Input data: Begin
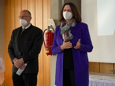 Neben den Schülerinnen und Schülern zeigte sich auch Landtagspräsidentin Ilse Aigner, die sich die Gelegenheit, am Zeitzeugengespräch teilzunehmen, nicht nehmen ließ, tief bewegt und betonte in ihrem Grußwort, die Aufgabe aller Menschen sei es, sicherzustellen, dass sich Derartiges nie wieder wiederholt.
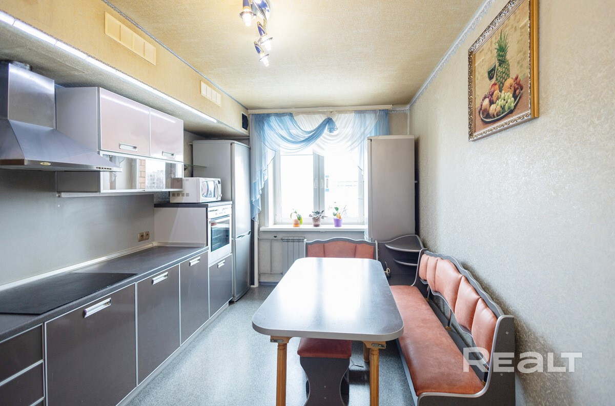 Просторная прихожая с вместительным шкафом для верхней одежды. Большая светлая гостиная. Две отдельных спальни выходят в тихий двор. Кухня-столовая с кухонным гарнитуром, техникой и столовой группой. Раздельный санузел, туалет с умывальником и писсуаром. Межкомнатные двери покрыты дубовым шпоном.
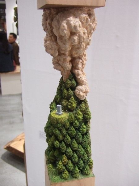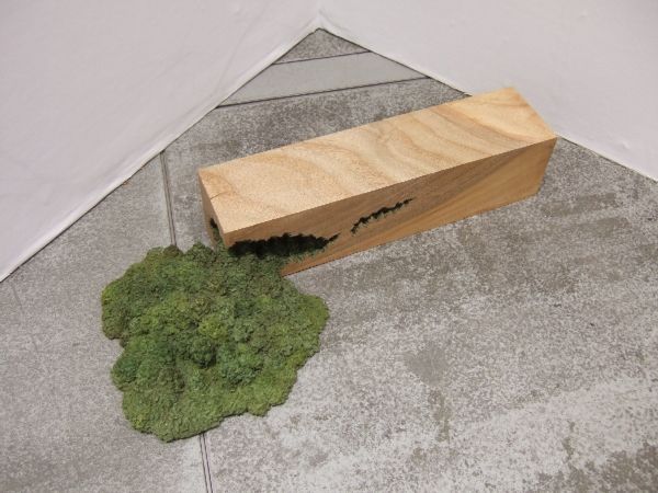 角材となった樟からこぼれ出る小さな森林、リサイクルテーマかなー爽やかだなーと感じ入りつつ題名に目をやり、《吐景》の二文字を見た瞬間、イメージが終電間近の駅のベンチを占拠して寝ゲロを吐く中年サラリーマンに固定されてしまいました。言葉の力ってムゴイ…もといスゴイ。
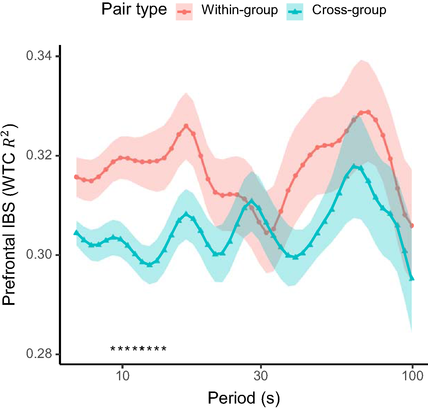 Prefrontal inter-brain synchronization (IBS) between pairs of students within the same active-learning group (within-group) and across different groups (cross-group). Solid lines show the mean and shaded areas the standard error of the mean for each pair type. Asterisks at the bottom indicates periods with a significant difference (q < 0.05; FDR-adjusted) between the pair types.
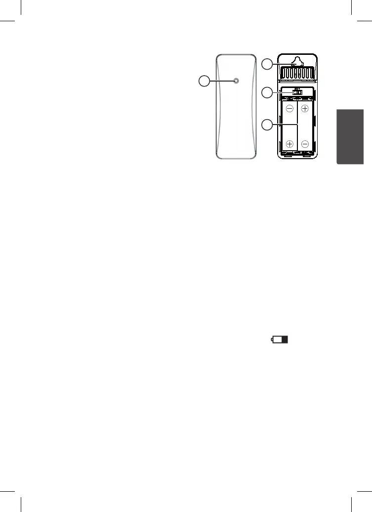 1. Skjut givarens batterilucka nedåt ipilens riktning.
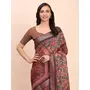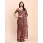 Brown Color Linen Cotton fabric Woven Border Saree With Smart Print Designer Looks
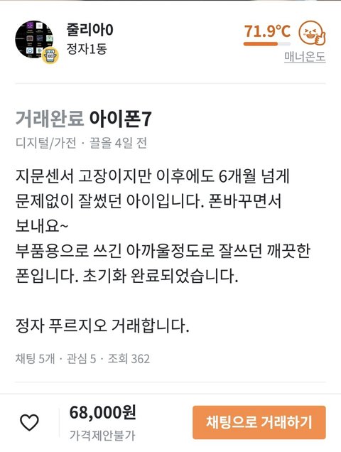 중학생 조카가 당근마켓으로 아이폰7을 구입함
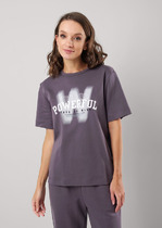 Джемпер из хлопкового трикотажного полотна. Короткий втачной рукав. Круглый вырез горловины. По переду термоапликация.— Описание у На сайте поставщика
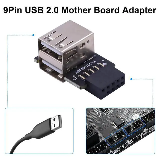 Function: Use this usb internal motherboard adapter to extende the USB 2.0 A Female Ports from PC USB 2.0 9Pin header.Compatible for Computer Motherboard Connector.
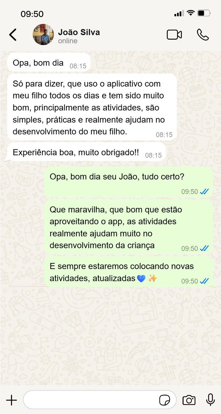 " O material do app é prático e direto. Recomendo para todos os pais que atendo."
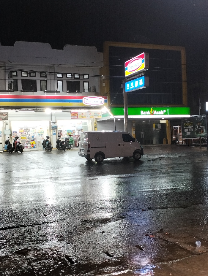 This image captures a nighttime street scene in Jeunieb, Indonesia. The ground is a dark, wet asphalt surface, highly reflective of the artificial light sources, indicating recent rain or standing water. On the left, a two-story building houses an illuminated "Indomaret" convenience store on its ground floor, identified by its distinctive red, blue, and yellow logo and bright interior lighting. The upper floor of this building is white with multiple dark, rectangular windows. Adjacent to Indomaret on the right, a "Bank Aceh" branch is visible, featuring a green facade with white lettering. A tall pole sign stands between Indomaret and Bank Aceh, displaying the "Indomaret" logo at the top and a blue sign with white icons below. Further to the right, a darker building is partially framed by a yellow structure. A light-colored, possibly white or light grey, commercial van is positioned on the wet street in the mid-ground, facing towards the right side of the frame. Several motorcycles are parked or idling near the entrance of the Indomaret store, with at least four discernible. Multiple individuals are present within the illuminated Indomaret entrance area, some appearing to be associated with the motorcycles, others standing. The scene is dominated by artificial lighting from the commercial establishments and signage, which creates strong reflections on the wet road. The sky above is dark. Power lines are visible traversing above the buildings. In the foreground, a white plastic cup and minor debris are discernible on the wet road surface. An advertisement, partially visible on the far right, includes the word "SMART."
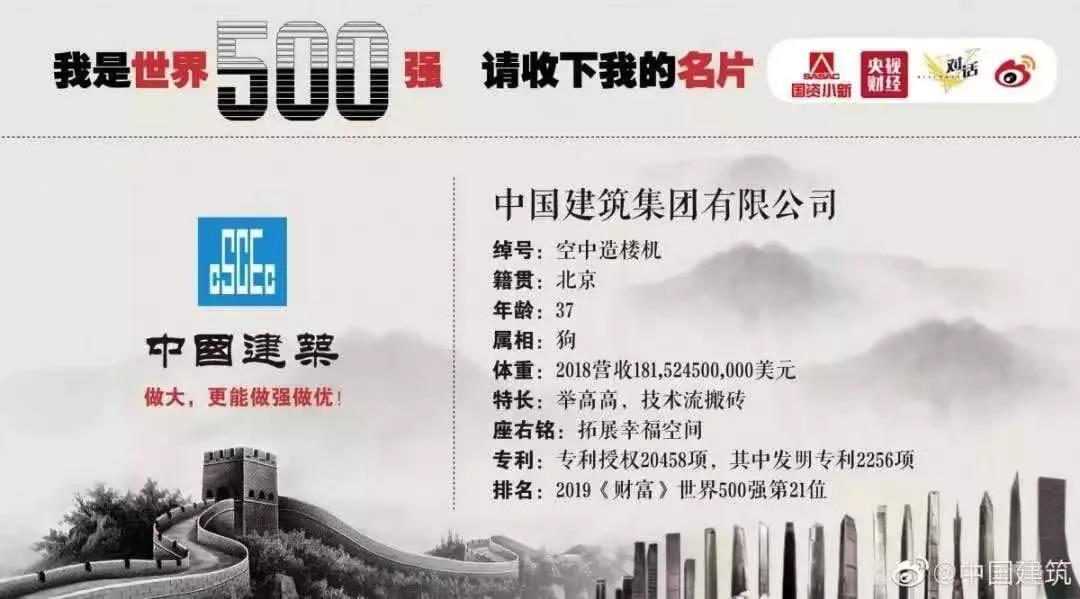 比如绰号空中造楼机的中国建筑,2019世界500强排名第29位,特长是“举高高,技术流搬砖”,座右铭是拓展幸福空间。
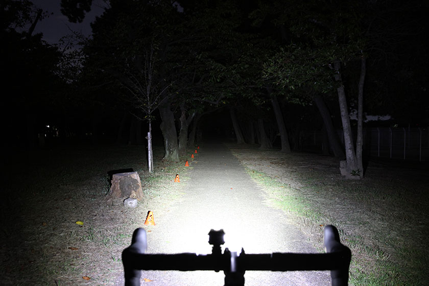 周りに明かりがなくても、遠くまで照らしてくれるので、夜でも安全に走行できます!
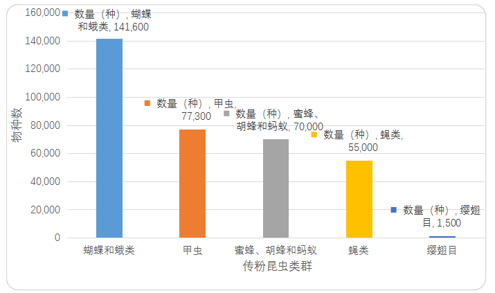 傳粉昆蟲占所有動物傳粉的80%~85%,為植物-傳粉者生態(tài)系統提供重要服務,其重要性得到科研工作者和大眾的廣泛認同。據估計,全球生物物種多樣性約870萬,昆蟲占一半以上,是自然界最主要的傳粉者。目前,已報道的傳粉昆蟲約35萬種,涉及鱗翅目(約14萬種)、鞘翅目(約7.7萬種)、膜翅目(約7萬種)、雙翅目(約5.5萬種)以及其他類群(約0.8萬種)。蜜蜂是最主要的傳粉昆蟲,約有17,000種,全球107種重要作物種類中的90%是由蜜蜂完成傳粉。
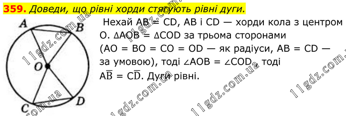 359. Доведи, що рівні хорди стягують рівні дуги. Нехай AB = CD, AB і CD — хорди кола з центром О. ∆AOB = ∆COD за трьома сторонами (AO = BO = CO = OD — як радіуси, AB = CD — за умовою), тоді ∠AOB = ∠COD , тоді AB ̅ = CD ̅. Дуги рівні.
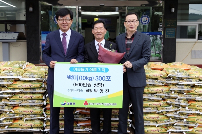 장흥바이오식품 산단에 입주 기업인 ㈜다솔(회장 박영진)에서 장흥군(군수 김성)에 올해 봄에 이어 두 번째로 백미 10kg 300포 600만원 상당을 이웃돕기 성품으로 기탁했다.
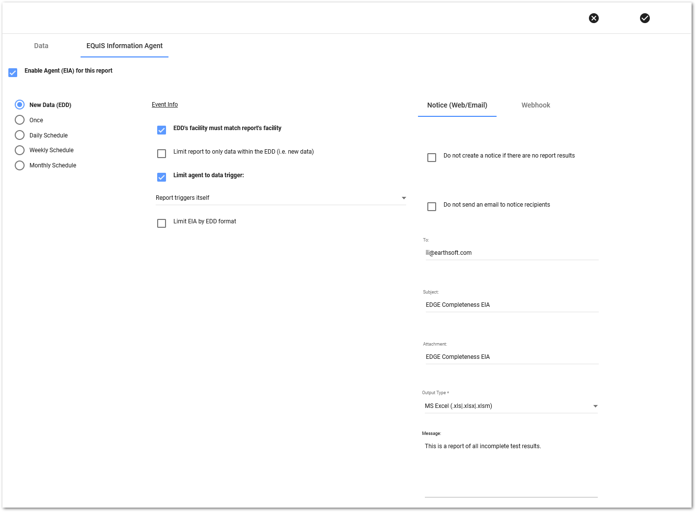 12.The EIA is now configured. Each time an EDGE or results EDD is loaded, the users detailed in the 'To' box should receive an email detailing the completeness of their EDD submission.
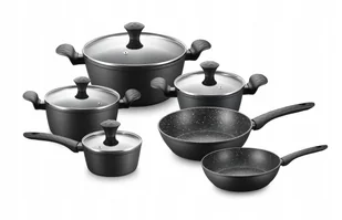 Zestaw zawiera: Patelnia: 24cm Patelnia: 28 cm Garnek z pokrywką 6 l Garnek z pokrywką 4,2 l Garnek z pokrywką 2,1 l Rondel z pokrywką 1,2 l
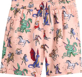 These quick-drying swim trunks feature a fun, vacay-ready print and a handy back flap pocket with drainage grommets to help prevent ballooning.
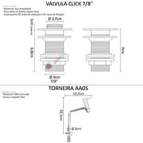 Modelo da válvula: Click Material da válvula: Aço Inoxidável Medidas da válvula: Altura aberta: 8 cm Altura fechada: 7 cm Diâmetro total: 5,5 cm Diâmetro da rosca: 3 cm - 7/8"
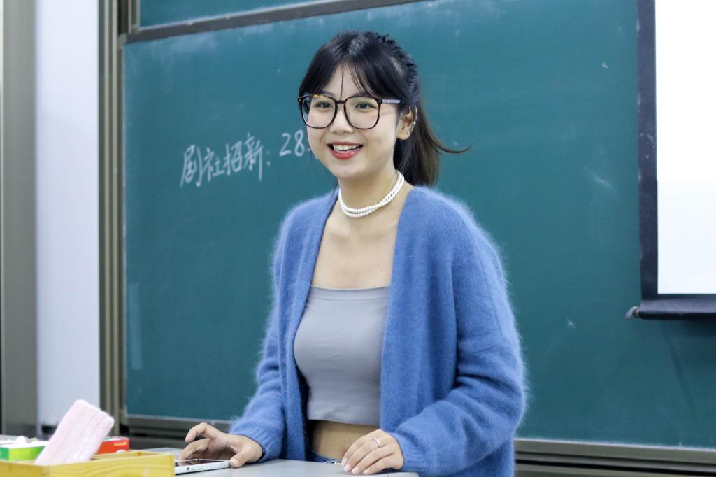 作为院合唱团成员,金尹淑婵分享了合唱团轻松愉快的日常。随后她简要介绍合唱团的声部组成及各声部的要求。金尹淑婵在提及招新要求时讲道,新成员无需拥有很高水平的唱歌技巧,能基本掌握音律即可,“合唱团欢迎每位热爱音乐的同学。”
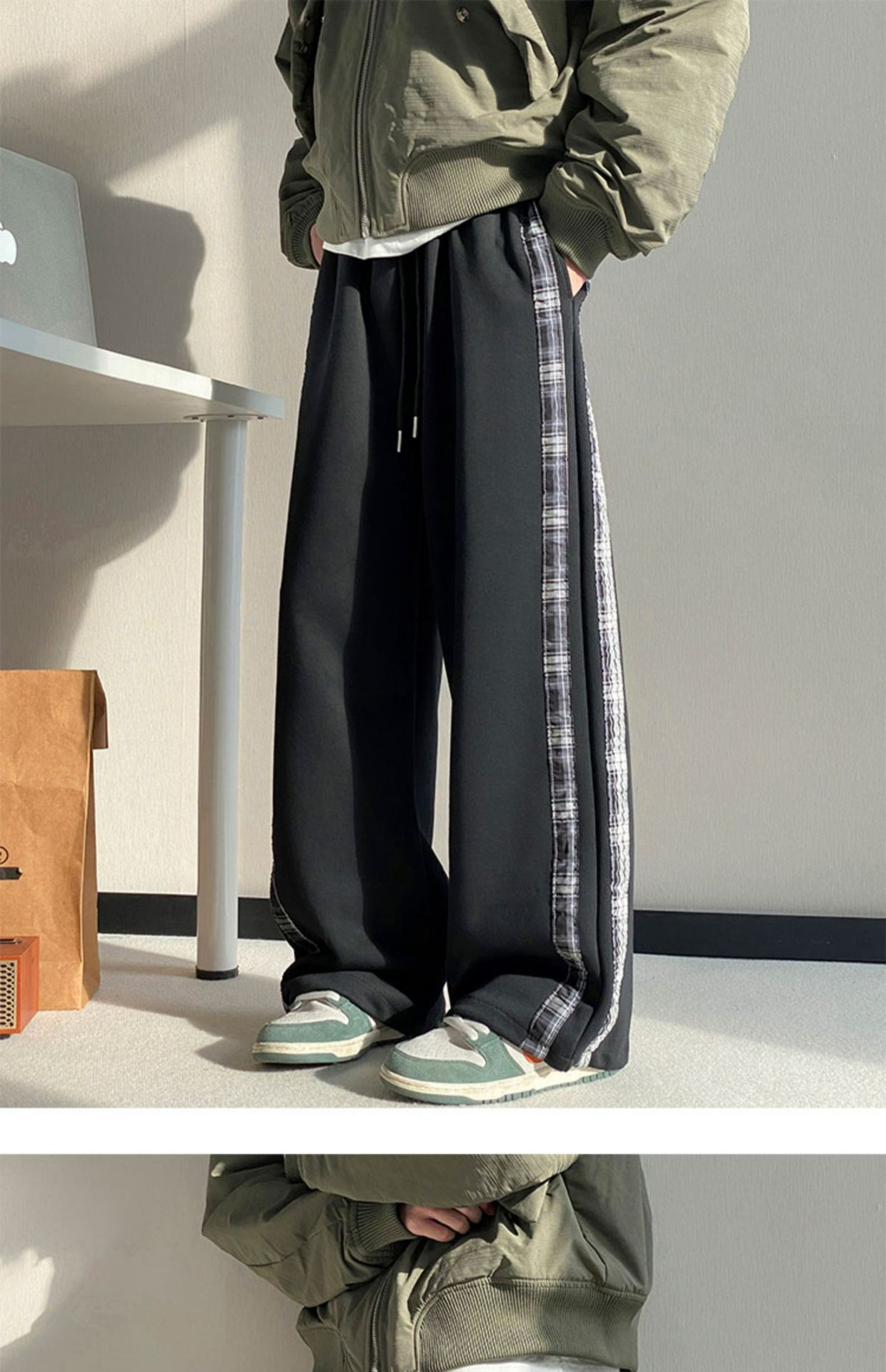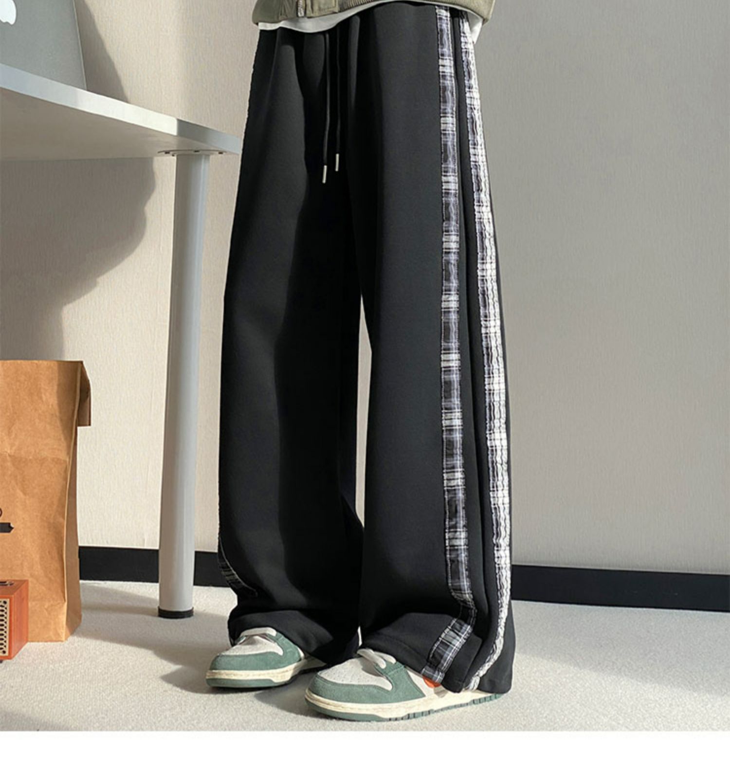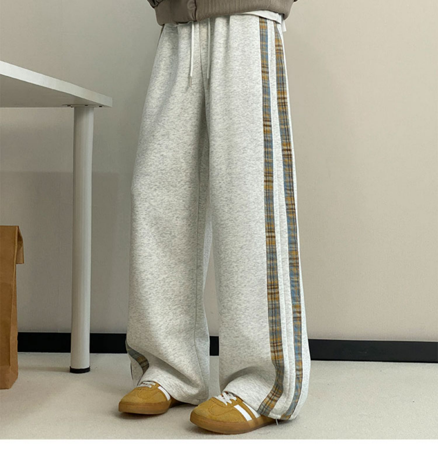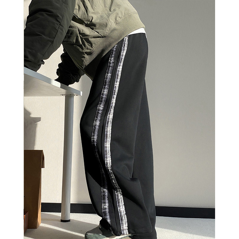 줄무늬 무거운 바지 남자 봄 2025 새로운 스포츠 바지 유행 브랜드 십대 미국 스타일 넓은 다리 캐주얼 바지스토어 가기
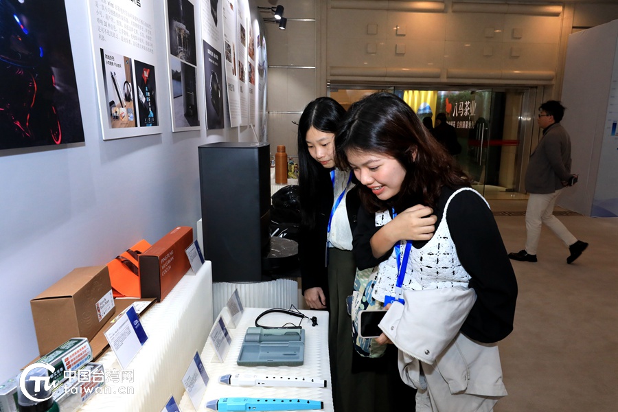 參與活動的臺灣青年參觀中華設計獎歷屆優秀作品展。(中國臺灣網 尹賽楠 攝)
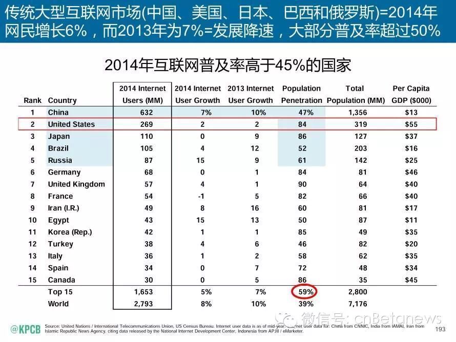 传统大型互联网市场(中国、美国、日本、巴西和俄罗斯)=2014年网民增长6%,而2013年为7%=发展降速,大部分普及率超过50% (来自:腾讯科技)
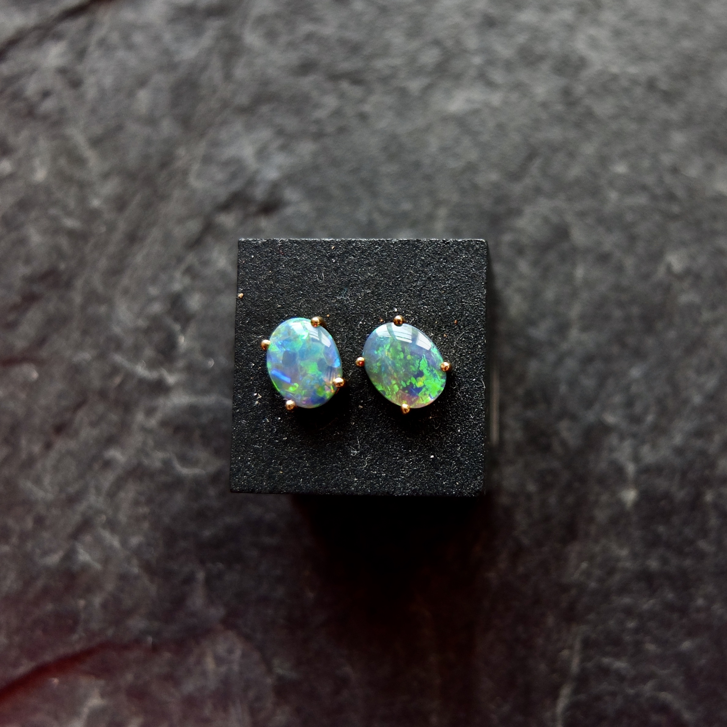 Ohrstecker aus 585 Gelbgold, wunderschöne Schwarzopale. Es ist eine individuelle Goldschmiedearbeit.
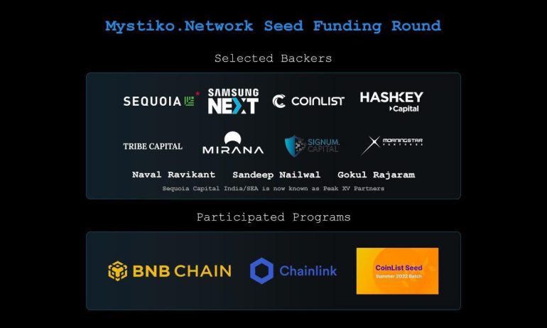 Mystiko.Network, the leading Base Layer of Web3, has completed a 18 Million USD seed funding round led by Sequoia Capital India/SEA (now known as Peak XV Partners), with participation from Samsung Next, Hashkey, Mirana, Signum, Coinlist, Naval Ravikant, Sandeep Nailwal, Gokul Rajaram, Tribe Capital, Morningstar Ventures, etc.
Input data: End
Task statement: No pictures should appear in the copy, which holds exactly the lines from the first line of the data through the line with "Просторная прихожая с" and nothing else.

Answer to this problem:
 Neben den Schülerinnen und Schülern zeigte sich auch Landtagspräsidentin Ilse Aigner, die sich die Gelegenheit, am Zeitzeugengespräch teilzunehmen, nicht nehmen ließ, tief bewegt und betonte in ihrem Grußwort, die Aufgabe aller Menschen sei es, sicherzustellen, dass sich Derartiges nie wieder wiederholt.
 Просторная прихожая с вместительным шкафом для верхней одежды. Большая светлая гостиная. Две отдельных спальни выходят в тихий двор. Кухня-столовая с кухонным гарнитуром, техникой и столовой группой. Раздельный санузел, туалет с умывальником и писсуаром. Межкомнатные двери покрыты дубовым шпоном.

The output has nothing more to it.